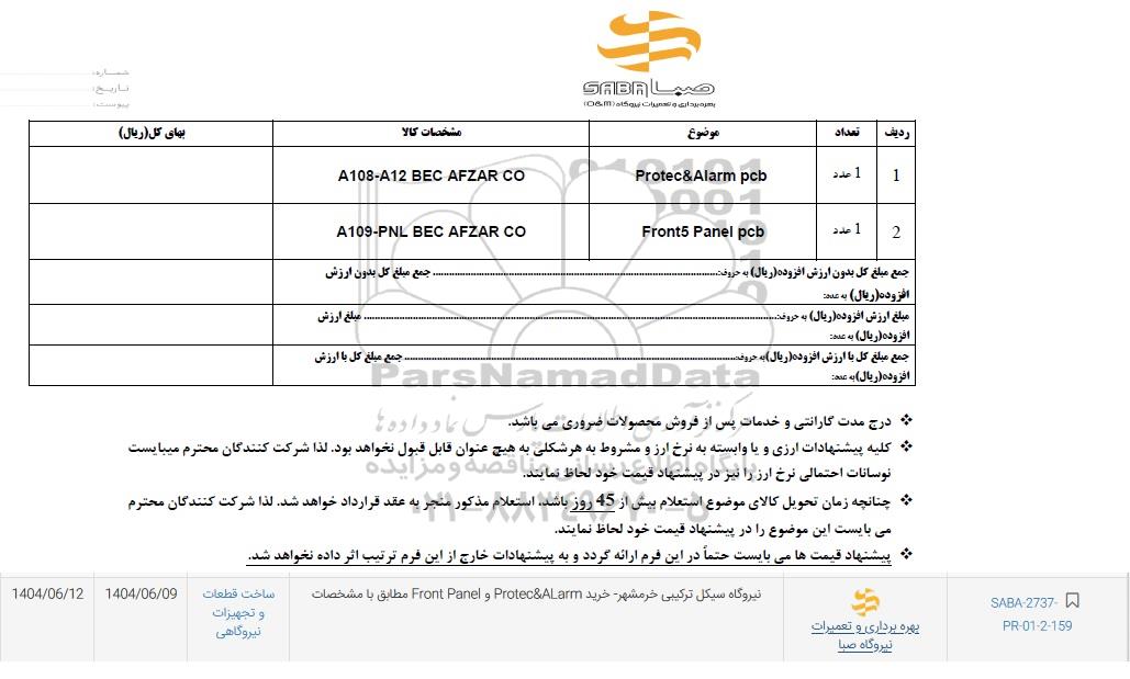 استعلام بها و موضوع استعلام استعلام خرید Protec&ALarm و Front Panel به اطلاع کلیه شرکتها و افراد متخصص واجد شرایط میرساند، آگهی گذار در نظر دارد از طریق استعلام بها، نسبت به انتخاب و دریافت پیشنهادات اقدام نماید. این استعلام با کد آگهی ثبت شده در سامانه خبرگزاری پارس نماد : 9483477 منتشر شده است. مشخصات استعلام : تاریخ شروع استعلام: 1404/06/09 آخرین مهلت ارسال پیشنهاد قیمت : 1404/06/12 و محل اجرای پروژه : استان خوزستان میباشد. استعلام قیمت مورد درخواست : استعلام خرید Protec&ALarm و Front Panel با دستهبندیهای تخصصی و گروه های مرتبط : انواع تابلو و راکهای مخابراتی و برقی, سیستم های حفاظتی-دوربین مدار بسته،دزدگیر،آیفون تصویری و آنتن مرکزی, اتوماسیون ، مراکز کنترل صنعتی, نیروگاه, تجهیزات برق و الکترونیک, استعلام اطلاع رسانی میگردد. شرایط شرکت در استعلام آنلاین : ابتدا ثبت نام در سامانه استعلام پارس نماد و تکمیل مدارک موردنیاز و بارگذاری در سامانه رعایت تمامی ضوابط و الزامات مندرج در اسناد استعلام است.
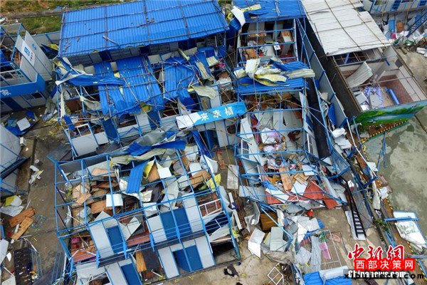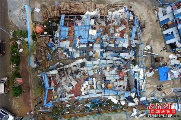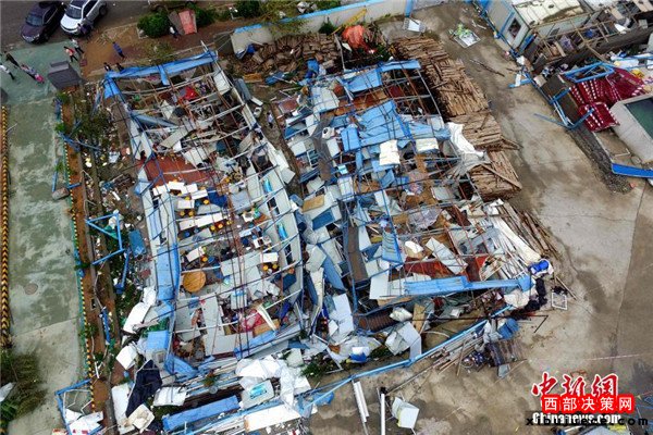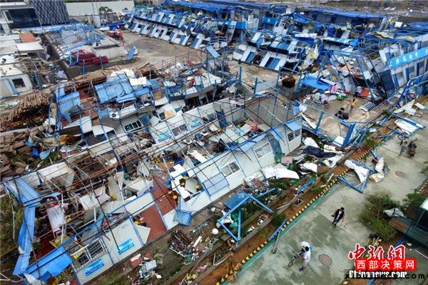 9月15日,今年第14號(hào)臺(tái)風(fēng)“莫蘭蒂”于凌晨3時(shí)05分在廈門翔安沿海登陸,登陸時(shí)中心附近最大風(fēng)力15級(jí)(48米/秒,強(qiáng)臺(tái)風(fēng)級(jí)),中心氣壓945百帕。圖為航拍登陸點(diǎn)翔安一工地工棚被完全摧毀。
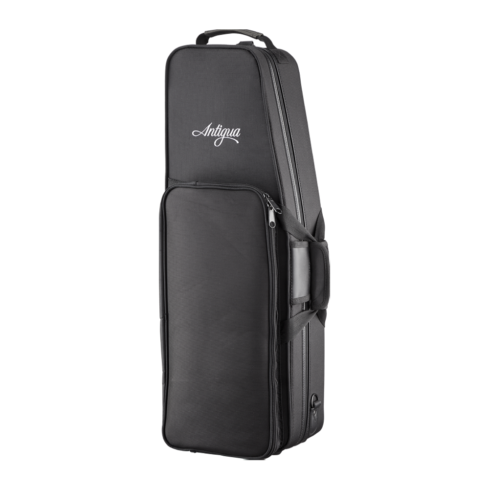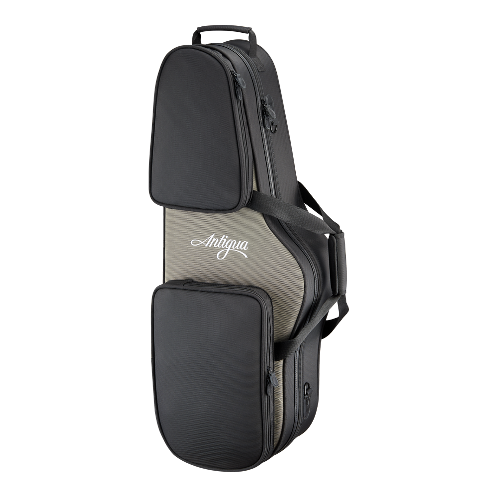 Our deluxe contoured backpack cases for alto & tenor saxophone are made using superior molded polyfoam for maximum protection, then covered with luxurious ballistic nylon. Large outside pockets provide plenty of room for accessories. In addition to the convenient backpack feature option, this can also be carried by its handle, or removeable shoulder strap option.
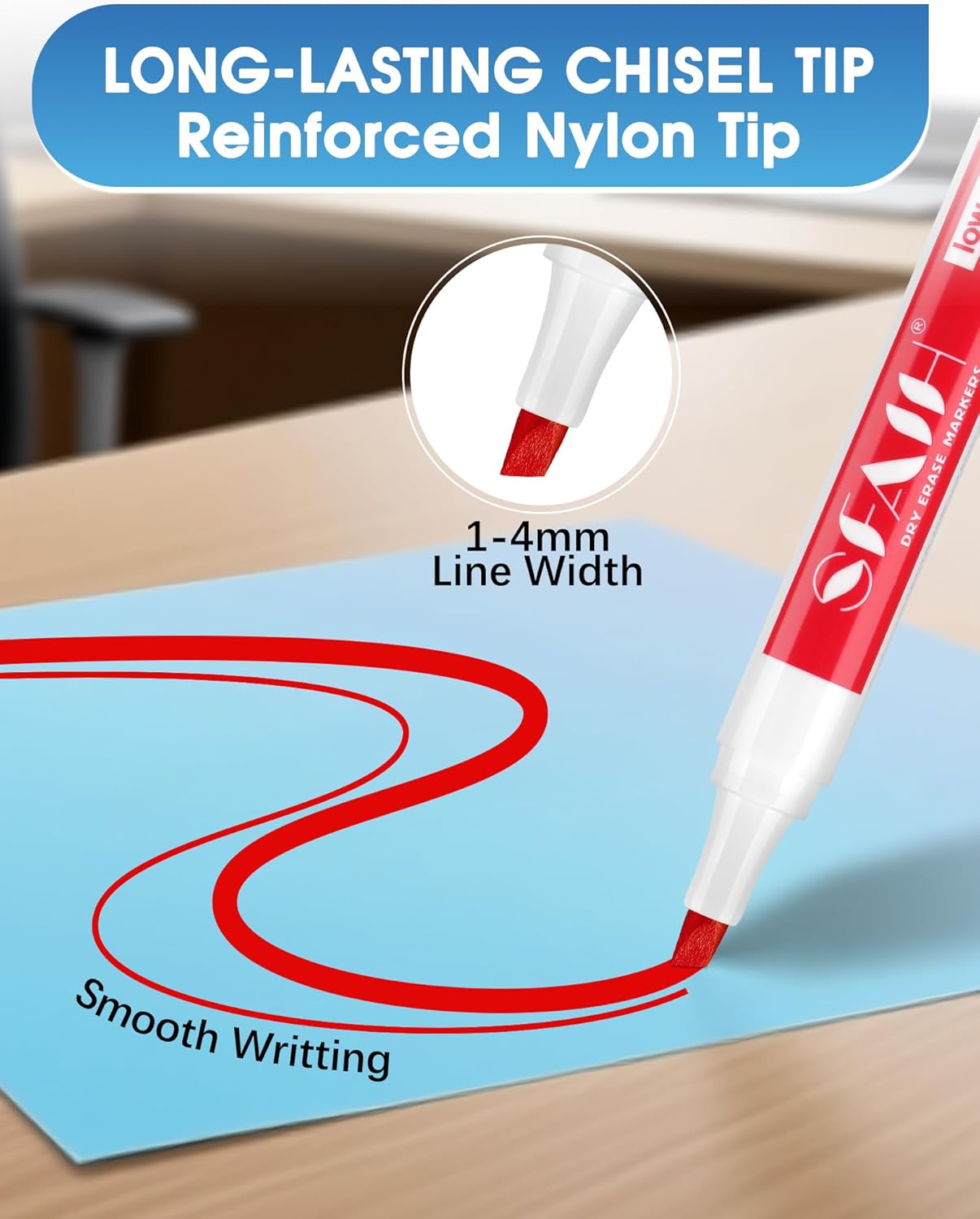 SFAIH Dry Erase Markers Chisel Tip with Magnetic Whiteboard Eraser, 48 Bulk 12 Assorted Colors White Board Markers for Teachers, Versatile Lines, 1s Quickly Dry, Perfect for Classroom and Office
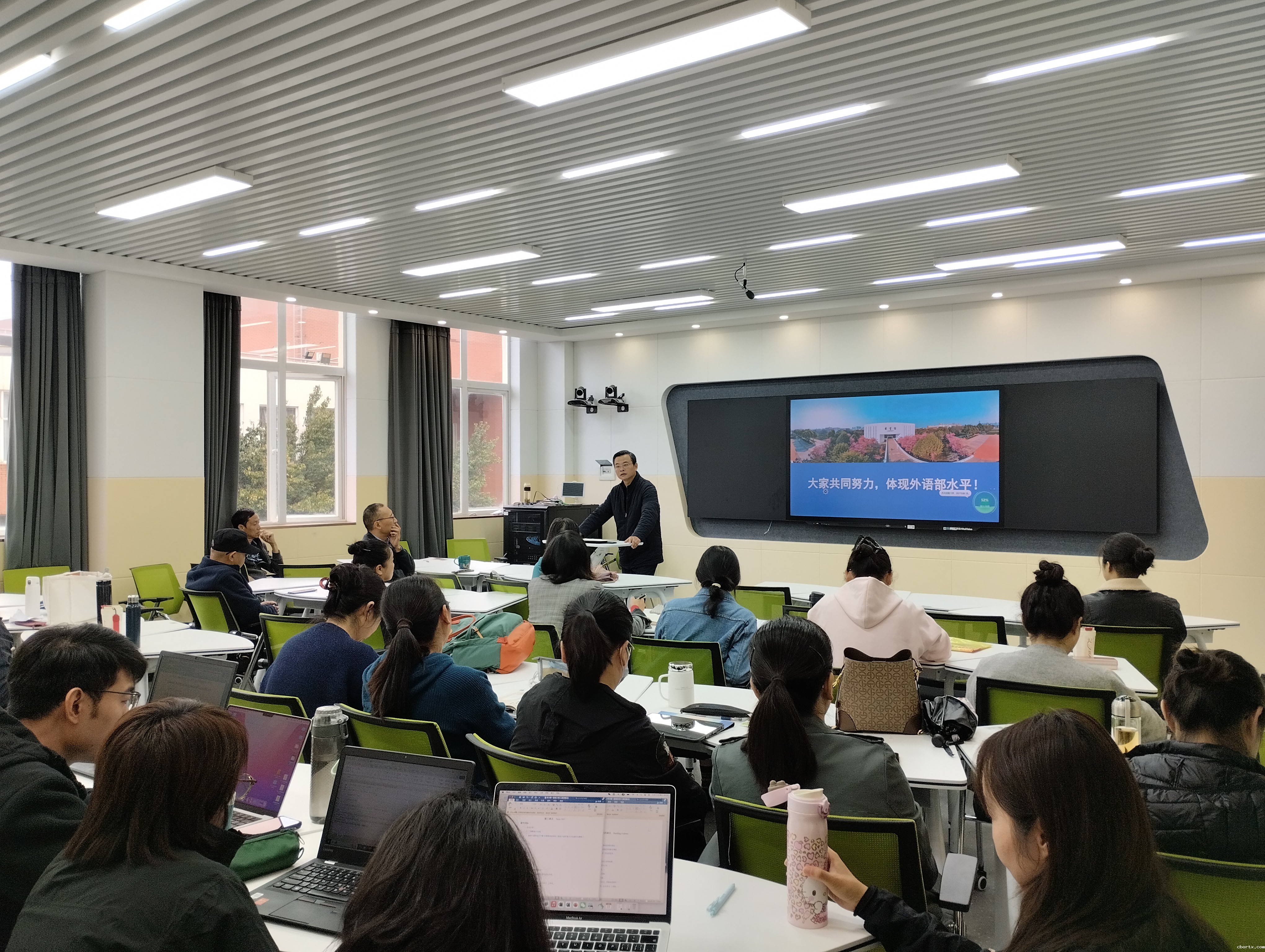2024年10月11日上午,外语部召开了新一轮本科教育教学审核评估动员大会,外语部全体教职工参加了此次会议。
::::
WHAT YOU NEED TO DO:
Each line from the one with "SFAIH Dry Erase" to the end of the material needs to be output word for word, with no picture included.

RESPONSE TO THIS TASK:
 SFAIH Dry Erase Markers Chisel Tip with Magnetic Whiteboard Eraser, 48 Bulk 12 Assorted Colors White Board Markers for Teachers, Versatile Lines, 1s Quickly Dry, Perfect for Classroom and Office
2024年10月11日上午,外语部召开了新一轮本科教育教学审核评估动员大会,外语部全体教职工参加了此次会议。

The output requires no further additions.